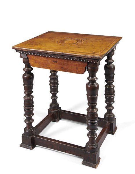 Tavolino in noce filettato in legno chiaro, piano intarsiato a stemma nobiliare, profilo dentellato ed un cassetto nella fascia, gambe intagliate a rocchetto con traverse di raccordo. Secolo XVII (cm 68x78x61) (difetti e restauri)
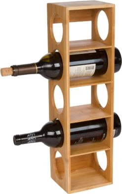 This sleek and simple bamboo wine rack holds 5 bottles of 750ml wine. Â Each rack measures 19.75″L x 5.5″W x 4.75″H and each hole is 3″ in diameter. Made from eco-friendly bamboo which grows at the same rate, or faster, than we use it. Â Stack you wine either vertically or horizontally and use multiple racks to create a large wine display. Â To clean, wipe with a damp cloth. Â By Trademark Innovations.
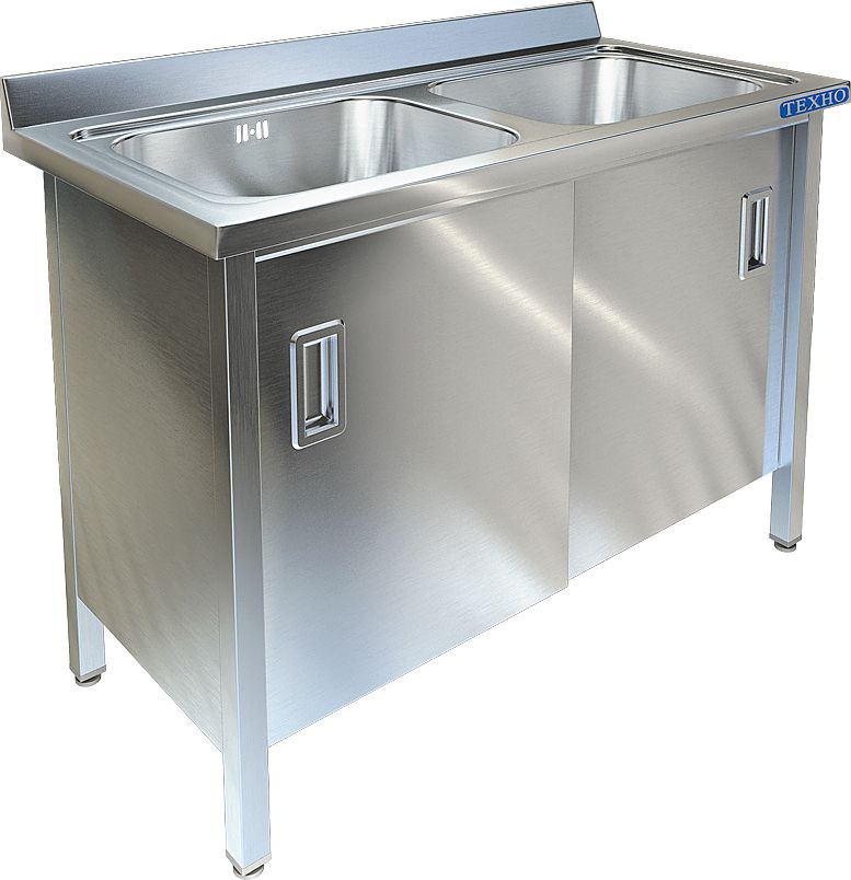1200х600х850мм, Две цельнотянутые емкости размером 500х400х250 из нержавеющей стали марки AISI 304 толщиной 1мм, обнижение 15 мм. Объемный пристенный борт высотой 70мм. Корпус сварной из нержавеющей стали марки AISI 304 толщиной 0,8мм. Двери-купе, полка. Ванна комплектуется выпуском с нержавеющей решеткой и механическим запорным клапаном, диаметр выпуска 90мм, диаметр подключаемого сифона 50мм, перелив, регулируемые опоры. На дно ванны нанесена виброшумоизоляция. Ванна поставляется в собранном виде.
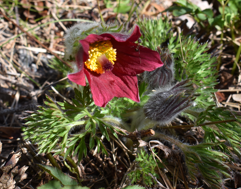 Idag kan man i trädgården även hitta, Backsippa – pulsatilla Vulgaris som precis håller på att öppna sina lila klockor
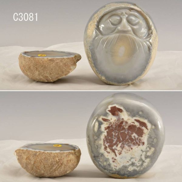 - C03081 メノウ製 ダルマと磨いた原石1 計2点:真作
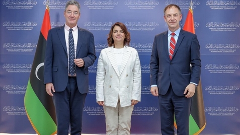 واستقبلت وزيرة الخارجية بحكومة الوحدة الليبية، نجلاء المنقوش، المبعوث الألماني الخاص إلى ليبيا، كريستيان باك، برفقة السفير الألماني لدى ليبيا، ميخائيل أونماخت، في مقر الوزارة بطرابلس، بحسب بيان لوزارة الخارجية الليبية، الاربعاء.
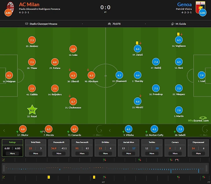 Матч 16го тура Серии А против «Дженоа» был примечателен не только 125-летием клуба, ретро формой и капитанством Рафы Леао, но и появлением в составе «Милана» сразу трёх юных футболистов. Я решил уделить внимание их игре.
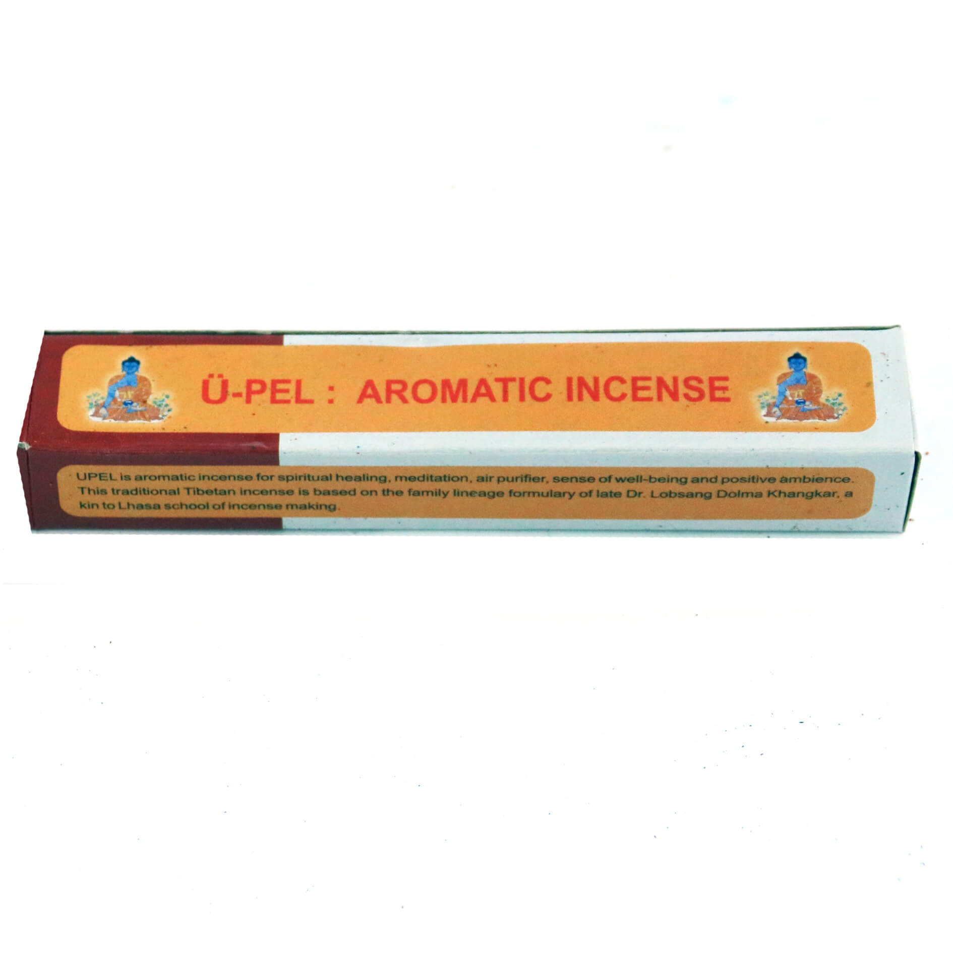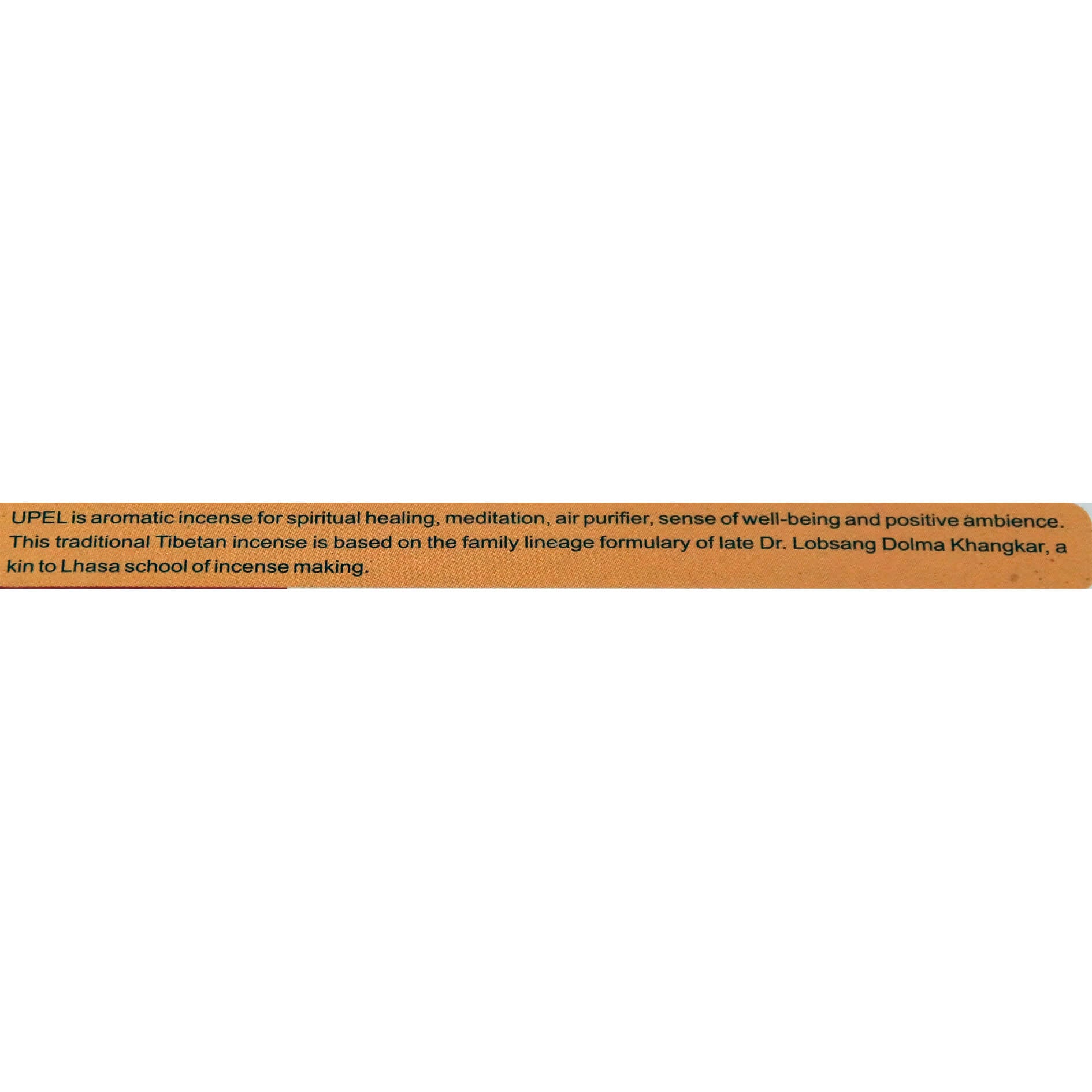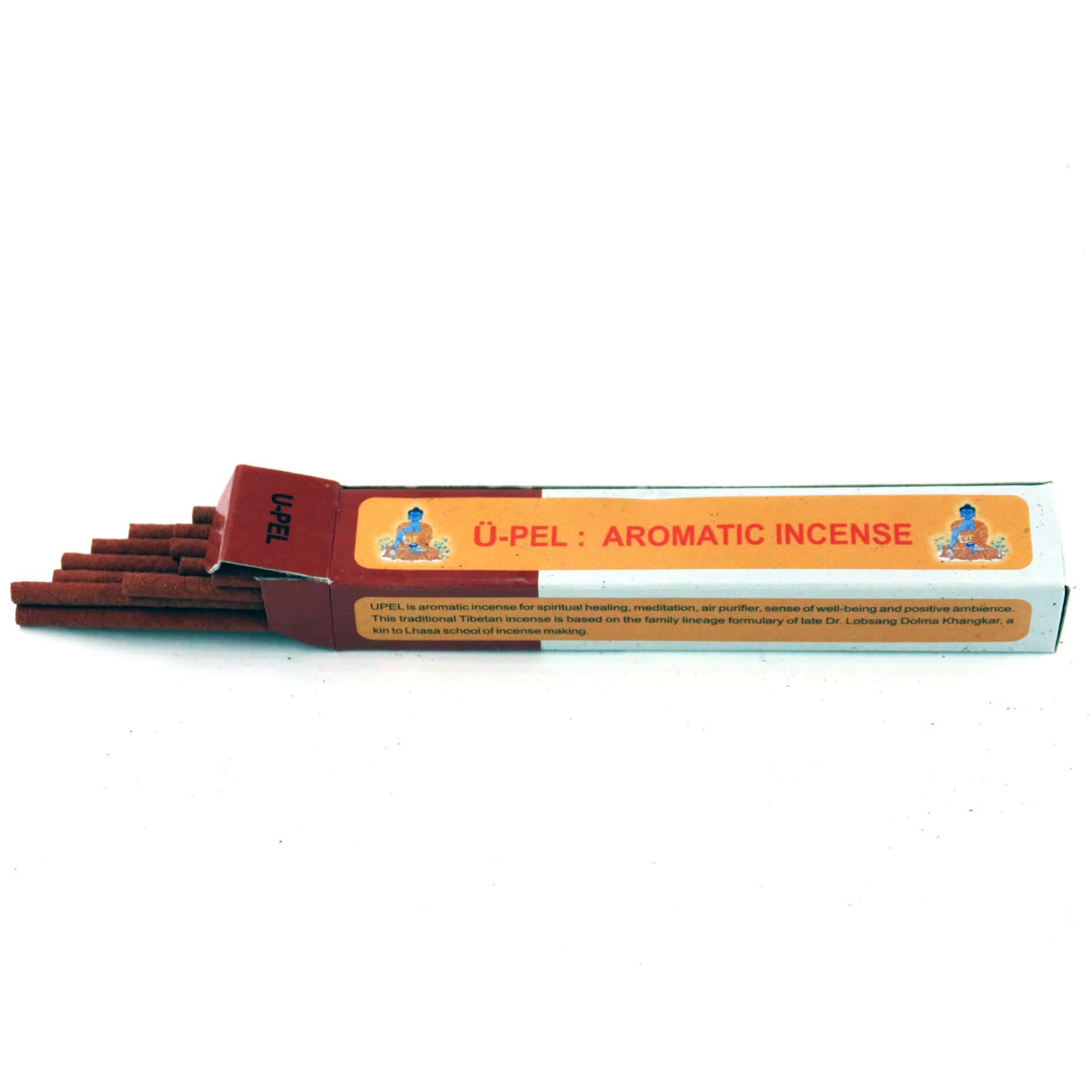U-Pel - это смесь шести горных трав и корней, благоприятных для духовной практики и целительства. Современный вариант этого благовония составляют из гималайского голубого лотоса, корней белого и красного сандалового дерева, благодаря чему оно является одним из самых ароматных.
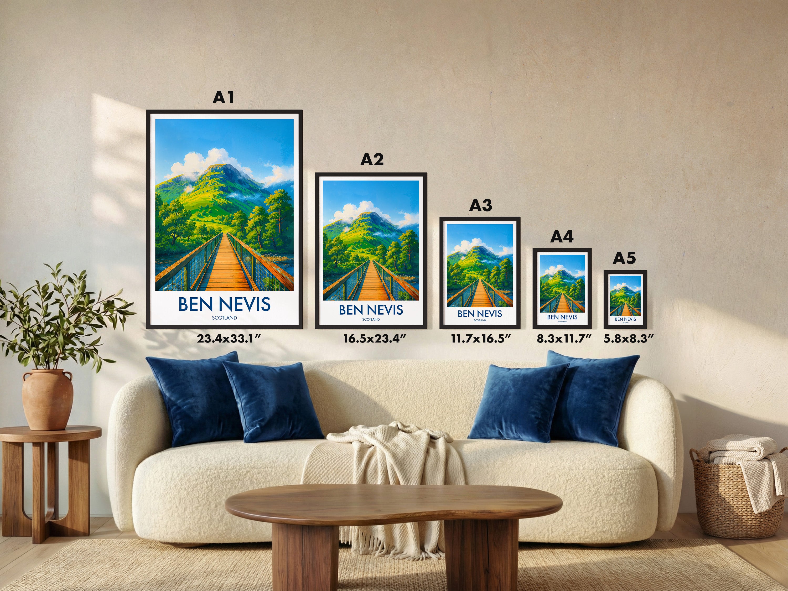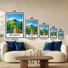 Admire Ben Nevis, Scotland's and the UK's highest peak, through this striking illustrated poster. Perfect for nature enthusiasts and lovers of Scotland's spectacular mountainous landscapes.
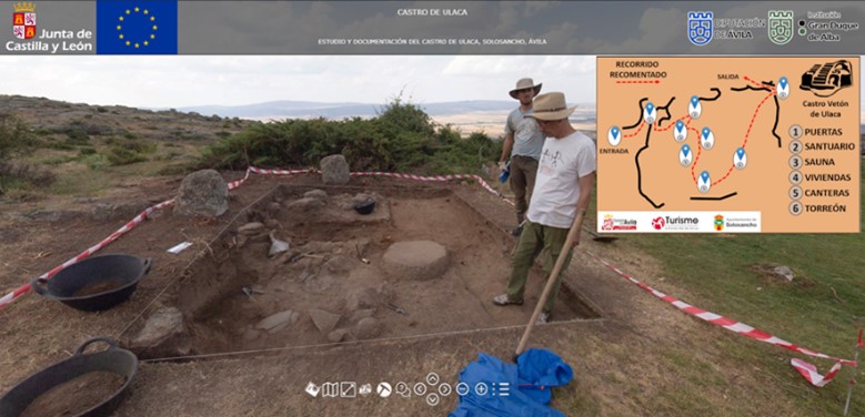 En cualquier caso, las visitas virtuales tienen un enorme interés debido a las múltiples posibilidades que ofrecen a sus potenciales usuarios, como proporcionar información general contextualizada del yacimiento (con el objetivo de que el visitante pueda comprender de una manera fácil su historia, entorno y peculiaridades) o dar visibilidad a los restos arqueológicos presentes en los yacimientos. Estos restos, en ocasiones, se vuelven a cubrir una vez finalizada la excavación con el fin de preservarlos, imposibilitando así la visita de los mismos por parte del público. En el caso de Ulaca esta circunstancia se ha solventado a través de la inclusión de varios panoramas de la excavación realizada en una de las zonas. Como comentan los miembros del equipo, “este aspecto es fundamental para que la experiencia del visitante virtual no se limite única y exclusivamente a la contemplación, sino que se produzca una aproximación (aunque somera) al proceso de excavación, que, además, debe ser una de las bases para impulsar la práctica turística basada en el patrimonio arqueológico”.
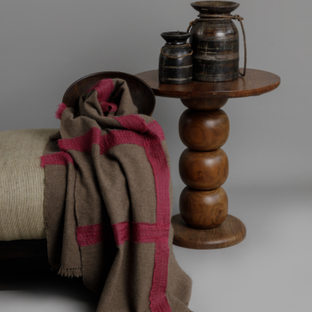 Add a functional and elegant touch to a space with this stunning natural brown stole. Handwoven using a bespoke blend of 50% cashmere and 50% yakwool by Himalayan artisans, it’s a unique piece that invites comfort, superior strength, and exceptional insulation. Measuring 30 x 82 inches, this piece is woven using an intricate weft-back technique and finished with classic crew-cut tassels, making it a timeless layer or drape.
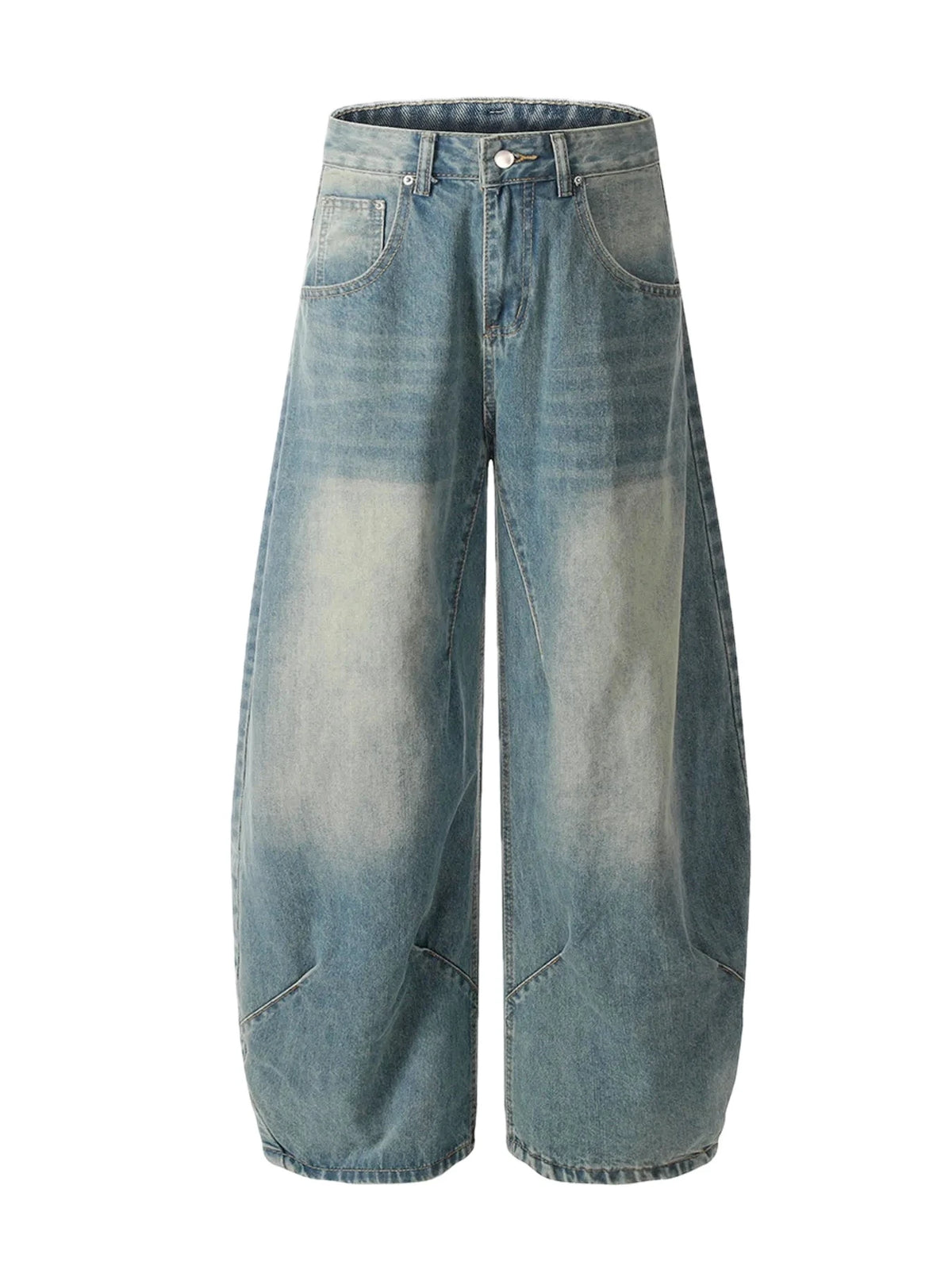 Mens Wide Leg Oversized Washed Denim Jeans Loose Fit Casual Pants For Everyday Wear Durable Comfort Slightly Stretchy
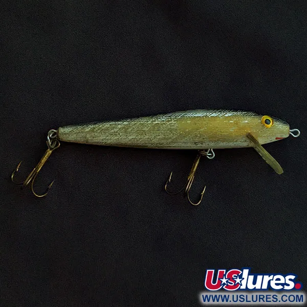 Med en vikt på 1/4 oz (6,5 g) representerar denna vintage-vobbler den klassiska plastkonstruktion som gjorde Rebel till ett välkänt namn i USA. Den 9 cm (3 1/2") långa kroppen är i färgen Silver och har en detaljerad, korsmönstrad fjällstruktur längs sidorna som tonar in i en mörkare rygg. På huvudet finns de karakteristiska gula ögonen med svarta pupiller, vilket är typiskt för dessa tidiga produktionsserier. Den genomskinliga hakskeden i plast är tydligt stämplad med varumärket och är utformad för att ta betet ner till djup mellan 0,9 och 1,8 meter (3–6 fot). Detta specifika exemplar, med produktkod 20932, är utrustat med två robusta trekrokar monterade med fjäderringar i metall. Det lämpar sig väl för både spinnfiske och trolling, särskilt vid jämn invevning eller en stop-and-go-teknik. Med tanke på dess historik är betet i skick 4/5, med lätta ålderstecken som framhäver dess vintagekaraktär.
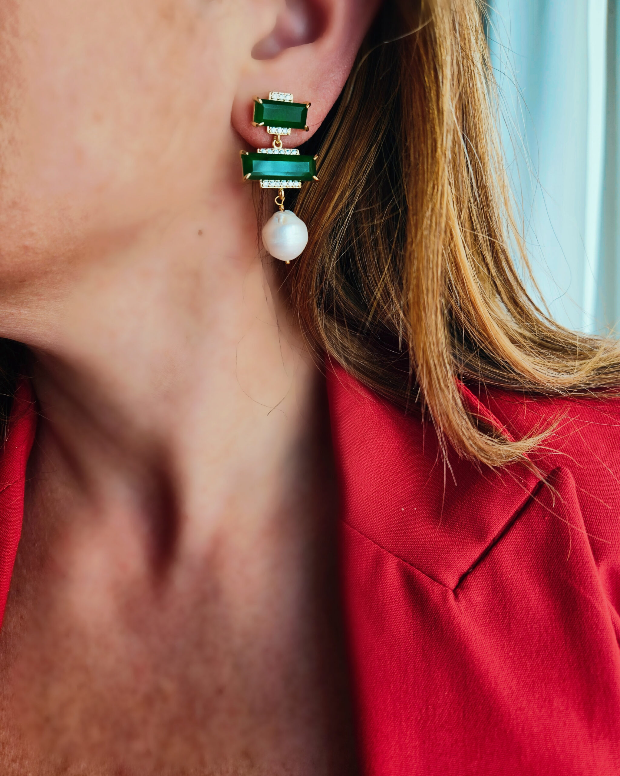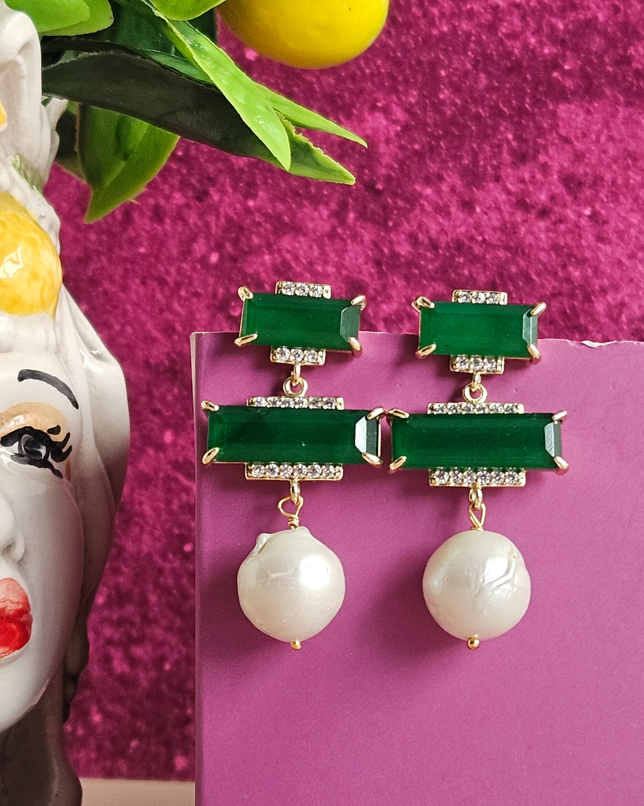 Orecchini Pendenti con Giada Verde e Perle Barocche

□ □ □ □

# [Exercise instructions]
Using the data above, transcribe exactly the lines between those containing "1200х600х850мм, Две цельнотянутые" and "- C03081 メノウ製 ダルマと磨いた原石1 計2点:真作", inclusive, and leave every picture behind.

# [Solved exercise]
1200х600х850мм, Две цельнотянутые емкости размером 500х400х250 из нержавеющей стали марки AISI 304 толщиной 1мм, обнижение 15 мм. Объемный пристенный борт высотой 70мм. Корпус сварной из нержавеющей стали марки AISI 304 толщиной 0,8мм. Двери-купе, полка. Ванна комплектуется выпуском с нержавеющей решеткой и механическим запорным клапаном, диаметр выпуска 90мм, диаметр подключаемого сифона 50мм, перелив, регулируемые опоры. На дно ванны нанесена виброшумоизоляция. Ванна поставляется в собранном виде.
 Idag kan man i trädgården även hitta, Backsippa – pulsatilla Vulgaris som precis håller på att öppna sina lila klockor
 - C03081 メノウ製 ダルマと磨いた原石1 計2点:真作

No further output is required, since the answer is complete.